Les derniers - image de l'épisode : ma rencontre avec Evelyn
My visit to

Evelyn

« As soon as we got off the train, as soon as we were given food and water, we became children again. »

Evelyn Askolovitch

Evelyn was born in Amsterdam in 1938, after her family left Germany, worried about the rise of Nazism. Turned in by neighbors, they were arrested and deported, first to the Netherlands, then to Bergen-Belsen, one of the few camps where they didn’t kill the children on arrival, unlike Auschwitz. At the time, Evelyn was not yet four years old; she barely remembers the long year she spent in the camp. Her memories start after the war, when she remembers becoming a child again. When the family returned to Amsterdam after the war, Evelyn found herself in a classroom where all her classmates had been hidden or deported.
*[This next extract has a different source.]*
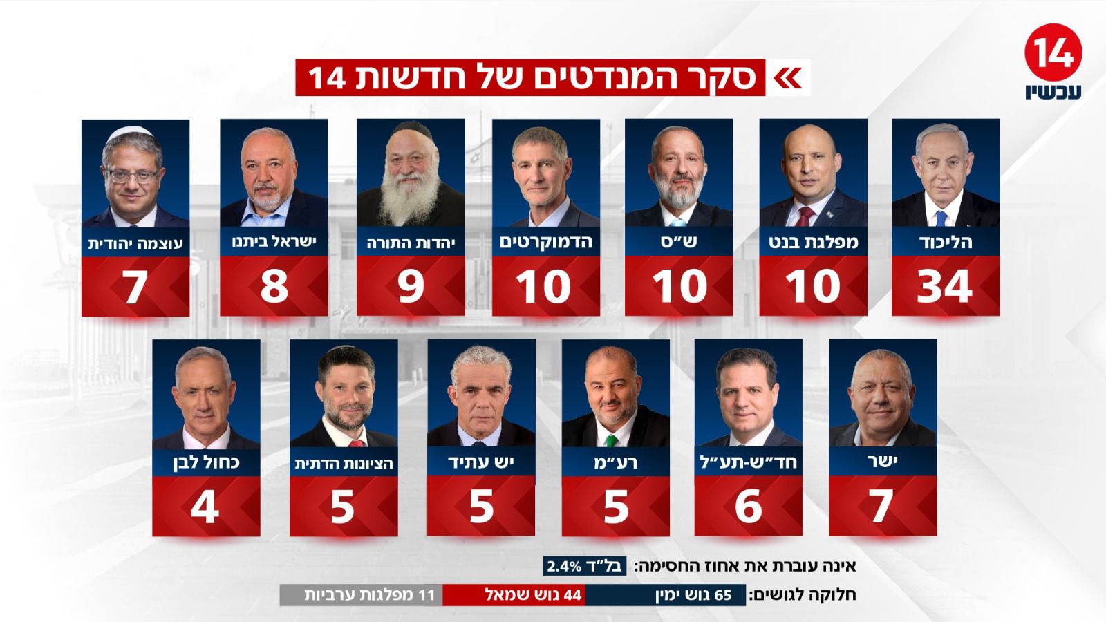 ברקע השיח רחב ההיקף על הבחירות הבאות, מהדורת החדשות של ערוץ 14 חשפה היום (חמישי) את תוצאות סקר המנדטים. הסקר נערך על ידי שלמה פילבר והוא כולל 503 בוגרים המהווים מדגם מייצג של כלל האוכלוסייה.

But no one talks about it. The children never mention the war among themselves, as if those three years had never happened. So much so, that for a long time, Evelyn felt she had no right to speak out as a former deportee. It wasn't until 2010, when she received a list in which her name was written in black and white alongside other Bergen-Belsen deportees, that her deportation suddenly became real.
Evelyn now lives in Paris. Whenever she returns to Amsterdam, she is deeply distressed to find that there is virtually no trace left of the Jewish quarter where she used to live, and it feels as if it never existed. The truth is 65% of Dutch Jews were exterminated.